A 12-hour flight is certainly a unique space. To my left are young school children flopped over and deep in sleep. All around me, in darkness, passengers sleep or absorb themselves in a movie appearing on a tiny screen on the back of the seat in front of them. Pan to me, reading an anthropological piece about the interconnectedness of physical market processes and national culinary trends. Okay, I’m not just reading it for fun. This chapter, “Wholesale Sushi: Culture and Commodity in Tokyo’s Tsukiji Market” by Theodore C. Bestor, was our designated reading to do during the flight. But it was a fun read.

Returning to the anthropological and sociological sides of historical and contemporary events is always enjoyable as I think it is a useful way for me to collect broad, sometimes abstract thoughts about history and bring them to a human scale. By that, I don’t mean that ideas and concepts in history can’t exist on a human scale, just that viewing events and processes through anthropological eyes shows how these things impact people individually, and people as groups.

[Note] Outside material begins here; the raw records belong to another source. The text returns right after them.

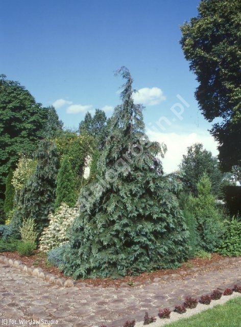 Piękna forma drzewiasta o luźnej, stożkowatej koronie, z przewieszonym na bok wierzchołkiem, osiągająca po 10 latach uprawy 3 m wysokości. Boczne gałęzie mocne, ułożone horyzontalnie, o końcach malowniczo opadających ku ziemi. Gałązki delikatne, rozpostarte, płasko ułożone na pędach, miękkie w dotyku. Łuski małe, ściśle przylegające do gałązek, pokryte woskiem, od góry równomiernie ciemnoniebieskie. Dolna strona gałązek jaśniejsza, niebieskozielona, z wyraźnymi liniami białego nalotu tworzącymi charakterystyczny rysunek. Wiosną na wierzchołkach bocznych odgałęzień pojawiają się drobne kwiaty męskie, zebrane w purpurowe kotki. Wprawdzie nie są widoczne z oddali, ale z bliska bardzo dekoracyjne. Szyszki kuliste, dosyć duże, o średnicy 1 cm, przed dojrzeniem zielone, pokryte sinym, woskowym nalotem, wówczas ozdobne, po dojrzeniu brązowo brunatne, długo utrzymujące się na gałązkach. Wymagania glebowe i wilgotnościowe niewielkie, dobra mrozoodporność. Drzewa polecane do sadzenia w ogrodach przydomowych i parkach, pojedynczo lub w kompozycjach z roślinami iglastymi.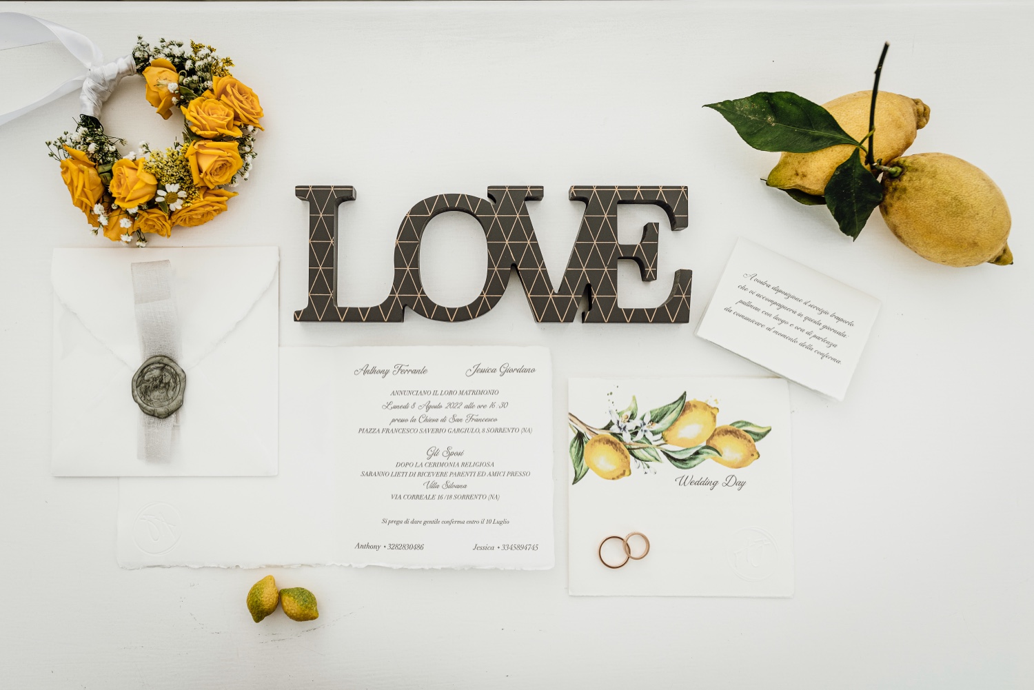 Anthony and Jessica’s wedding was an unforgettable event, an experience that left an indelible mark in the hearts of everyone present. A perfect combination of elegance, love and creativity, which will remain in the memories of anyone who had the privilege of participating in this magical day in Sorrento.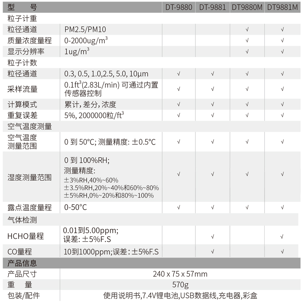 DT-9881在DT-9880基礎(chǔ)上新增有毒性氣體檢測(cè)功能(HCHO、CO)。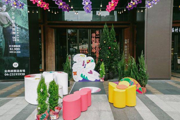 帶你直接走進CHOU YI的開心地圖!金典綠園道將CHOU YI獨特繽紛色彩與歡樂感帶到了現實場景,筆下人物與元素色彩化為1F戶外廣場公共座椅,並利用場地空間與自然風,將主視覺配色與場域特色融合,結合風車與串燈,讓大家抬頭就能看見「花海」,營造出童趣的聖誕節感。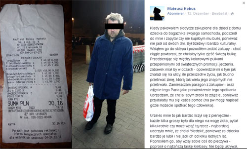 Jakiś czas temu zwróciła moją uwagę notatka na Facebooku, o tym, że ktoś okazał dobre serce i kupił jedzenie bezdomnemu pod Tesco. Rzecz wydawała mi się chwytem marketingowym. Napisałam o tym TU. 9 grudnia pojawił się na Facebooku podobny wpis, tym razem z Będzina. Wpis opowiada identyczną historię, mam wrażenie, że nawet w podobnych zdaniach i z użyciem podobnych chwytów stylistycznych i słów. Podobne słowa powtarzają się też w komentarzach, zdecydowanie przeważają szacun i szacunek.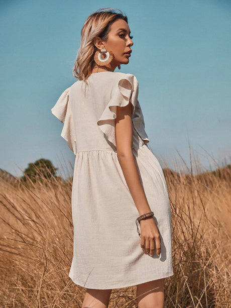 $42.08 USDPrecio unitario /AgotadoWomen's woven v-neck button-up large swing A-shaped small flying sleeve dress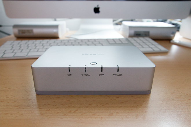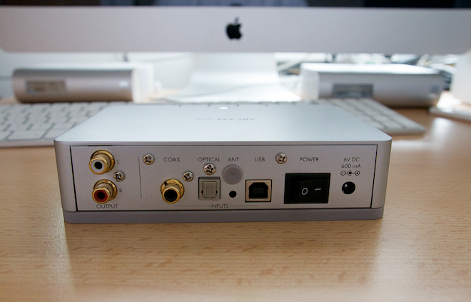Práve dizajn je jednou z vecí, prečo som sa rozhodol rDAC zrecenzovať, vizuálne totiž veľmi dobre zapadá do portfólia produktov Apple. Jedná sa o malú, hliníkovu krabičku, jemne pripomínajúcu Mac mini, s gumenným podstavcom, jedným tlačítkom na prepínanie vstupov a 4mi signalizačnými diodami. Na zadnom paneli potom nájdeme 3 digitálne vstupy (USB, optiku a koaxiál), jeden analógový výstup a sieťový vypínač. Signál z vášho Macu môžete do rDAC posielať aj bezdrôtovo, no je nutné dokúpiť Arcam rWave, ktorý po zapojení do USB rozhrania na vašom Macu bude posielať signál do samotného prevodníku. rWave som bohužiaľ k dispozícii nemal, takže sa pozrieme len na možnosti káblového prepojenia. Spomínané signalizačné diódy svieta na zeleno a to v prípade, že daný vstup prijíma signál, alebo na červeno, pokiaľ žiaden signál k dispozícii nie je. Svetlo je jemné a nijak neruší, modré podsvietenie môjho zosilovaču je oveľa výraznejšie.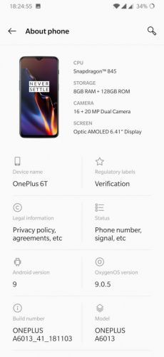 OnePlus 6T Full Specifications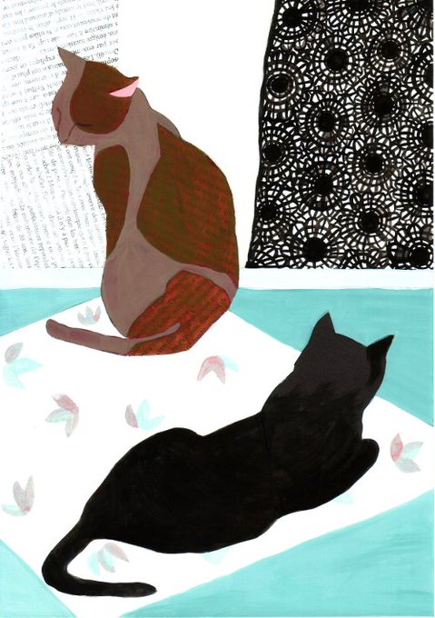 背中向けてるけど顔は微妙にこちらを向いてる猫の姿はシャイな(?!)感じがして可愛いですが、実際にはどんな気持ちでいるのでしょう?#cat #illustration #acrylicpainting #artwork #collage #猫 #イラストレーション #アクリル画 #コラージュ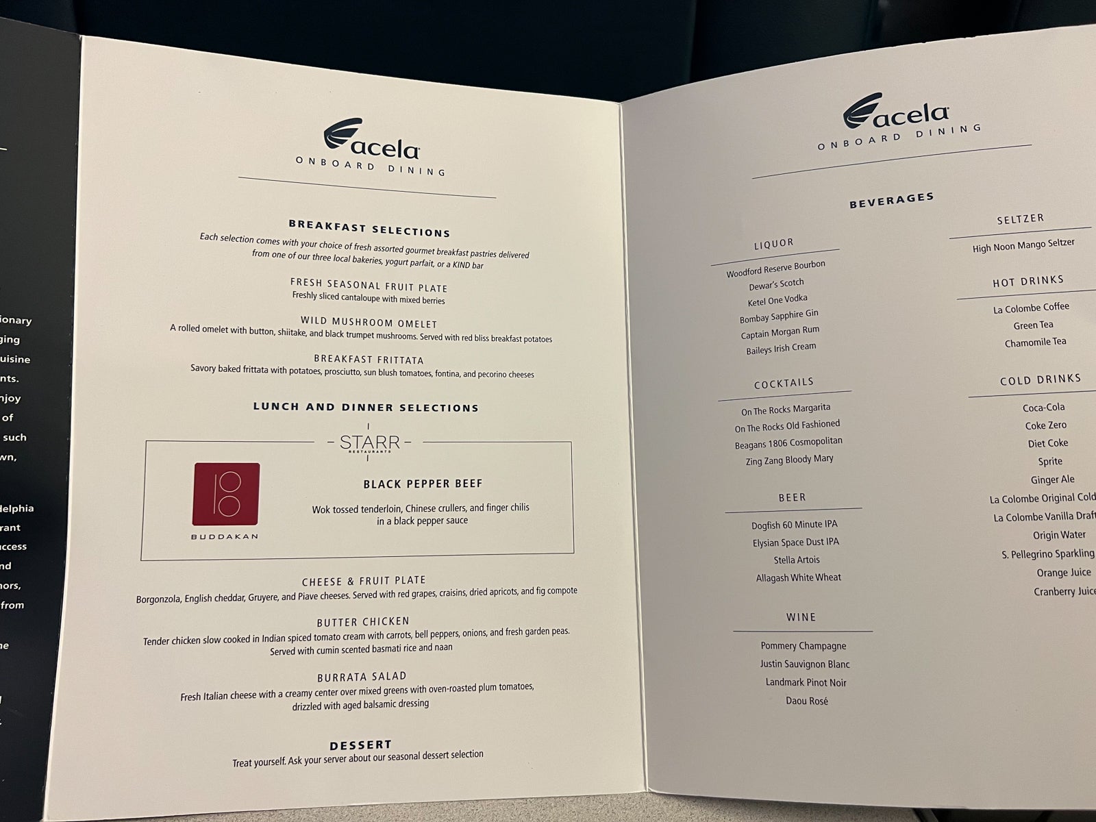 First class on the Acela included a choice of breakfast along with multiple offers of beverage service.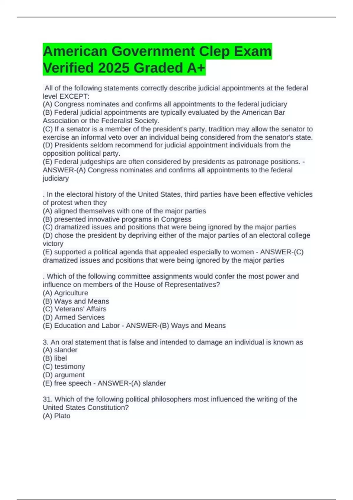 American Government Clep Exam Verified 2025 Graded A+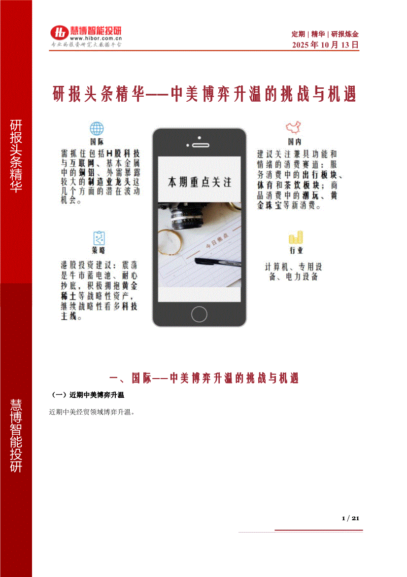 慧博智能投研-慧博研报炼金之研报头条精华:中美博弈升温的挑战与机遇-251013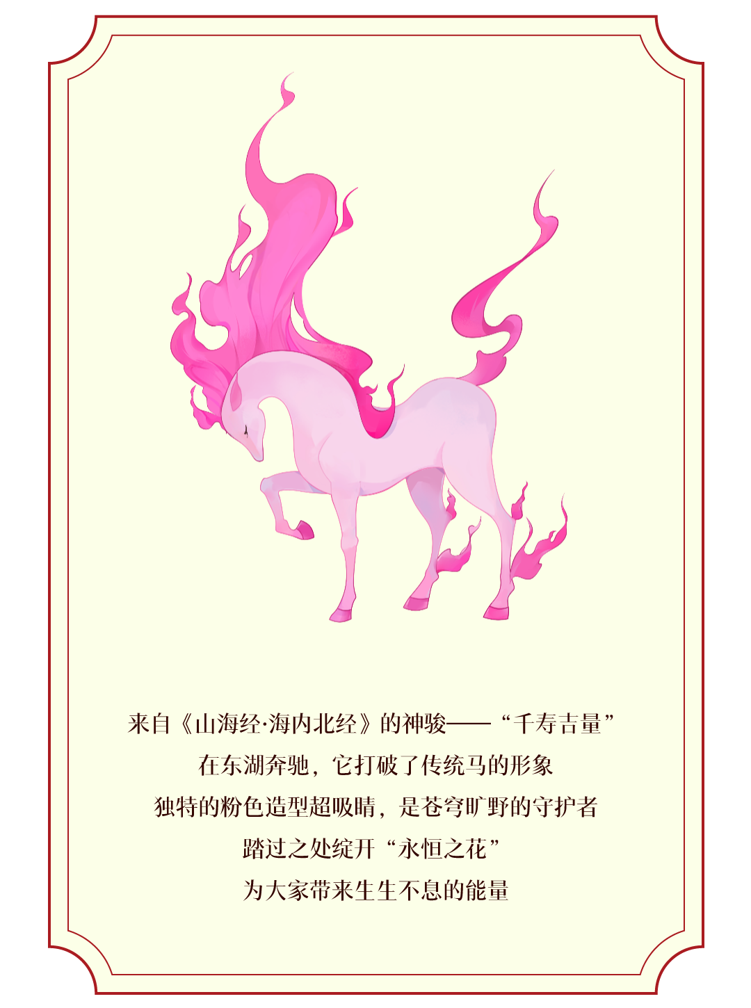 六匹骏马形象设计溯源自唐太宗的盛唐六骏。在传承历史原型的基础上,注入现代审美及人设构思,生动塑造六匹形神兼备、各具风姿的骏马。

I’ll get into some specifics now. Bestor’s main ideas depend on analyzing Japanese culinary concepts on two levels: one at the Tsukiji fish market, where wholesalers flock to bid for the best fish they can get, brought in from around the globe; and one in which people’s ideas of what seafood is – where it comes from, how it looks, how it’s produced, etc. – drive market patterns. I particularly liked one example, perhaps because it hits close to home. He mentions sea urchin roe, an important part of Japanese seafood cuisine. Hokkaido and Maine fisheries supply Tsukiji with sea urchin roe, although one can’t always be sure of a particular batch of roe’s origin. This is because sea urchin roe that arrives from Maine in Hokkaido is repackaged, labeled as though it originated from Hokkaido, then sent down to Tokyo for market sale. Bestor attributes this activity to the larger trend that recognizes domestic seafood as having higher quality and thus higher value.

I don’t know if there is an actual difference in the quality between Hokkaido and Maine sea urchin roe, but there is a cultural standard that puts more stock in domestic seafood, thus the incentive to alter the point of origin on the packaging. Seafood acts as a medium of communication and connection between Japan and the rest of the world, but it also serves as a defining (or defined) factor of cultural production. Tomorrow, I will venture to Tsukiji with the rest of the cohort to observe the fish market and hopefully we will put together some concrete impressions to ground the more conceptual ideas from the reading.